Google has already invested over $1 billion in alternative energy, so it may be reasonable to think the company could be trying to enter the home energy management world after seeing the recent success of Nest's Learning Thermostat.
Considering Nest (which originated from Tony Fadell -- creator of the Apple iPod and iPhone) is now moving into fire detection, the potential for software in the home is certainly being validated. Google.org did create PowerMeter, a free energy monitoring tool to help people access their personal energy data. The company actually shut down this offering two years ago, but said it would "look forward to what will develop next in this space".

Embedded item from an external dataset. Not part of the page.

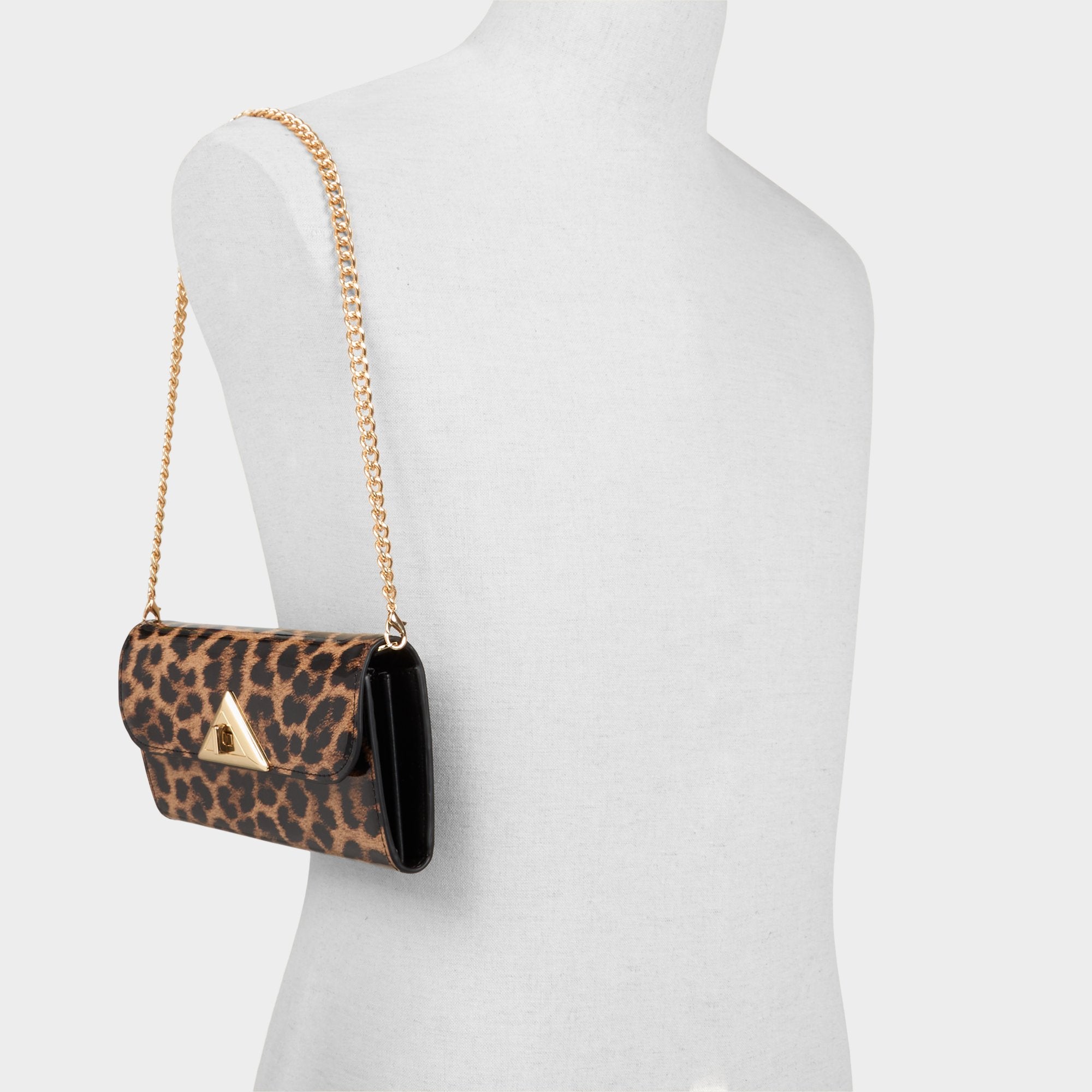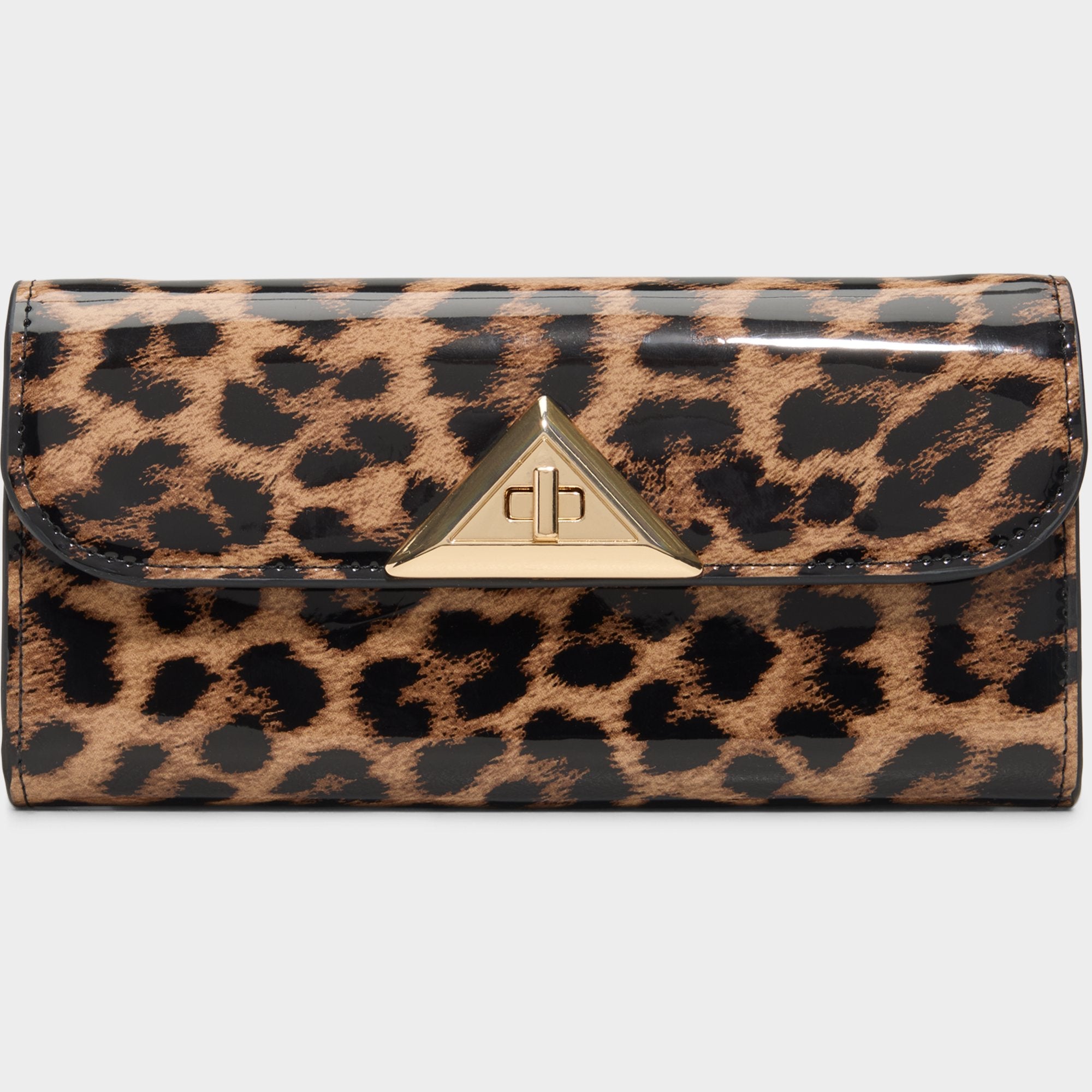 Leopard patent gleams with confident glow, turning every look into a statement, while a bold triangular gold clasp anchors the mood and keeps essentials secure in a single, satisfying click. Carry it with a sleek slip for rooftop cocktails, or tuck it under a blazer with jeans and heels for last-minute city nights.

My hypothesis is that Google still sees opportunity to help people save energy, and gesture technology could be a disruptive way to accomplish that goal. Considering Google is supporting kite power, driverless vehicles, wind power, solar power -- and more -- the company could perhaps look at gesture technology as the game-changing innovation that allows them to once again get back into the home energy management market in a big way.
I've been advocating that the future of energy will be led by Big Tech, not Big Oil. Apple hasn't yet entered the gesture market, but TechCrunch recently said rumors are swirling that it may. So while Intel has had a big heads-start in the energy management business, we may be seeing signs that soon read "Google Inside."
Anyway, the gesture move by Google could in fact be aimed solely at Glass and further penetrating a virtual computing experience seen already through Androids facial recognition and gesture search, but I wanted to share my thoughts on the move, especially since there is a growing belief the U.S. home energy management market could be a multibillion dollar business within four years.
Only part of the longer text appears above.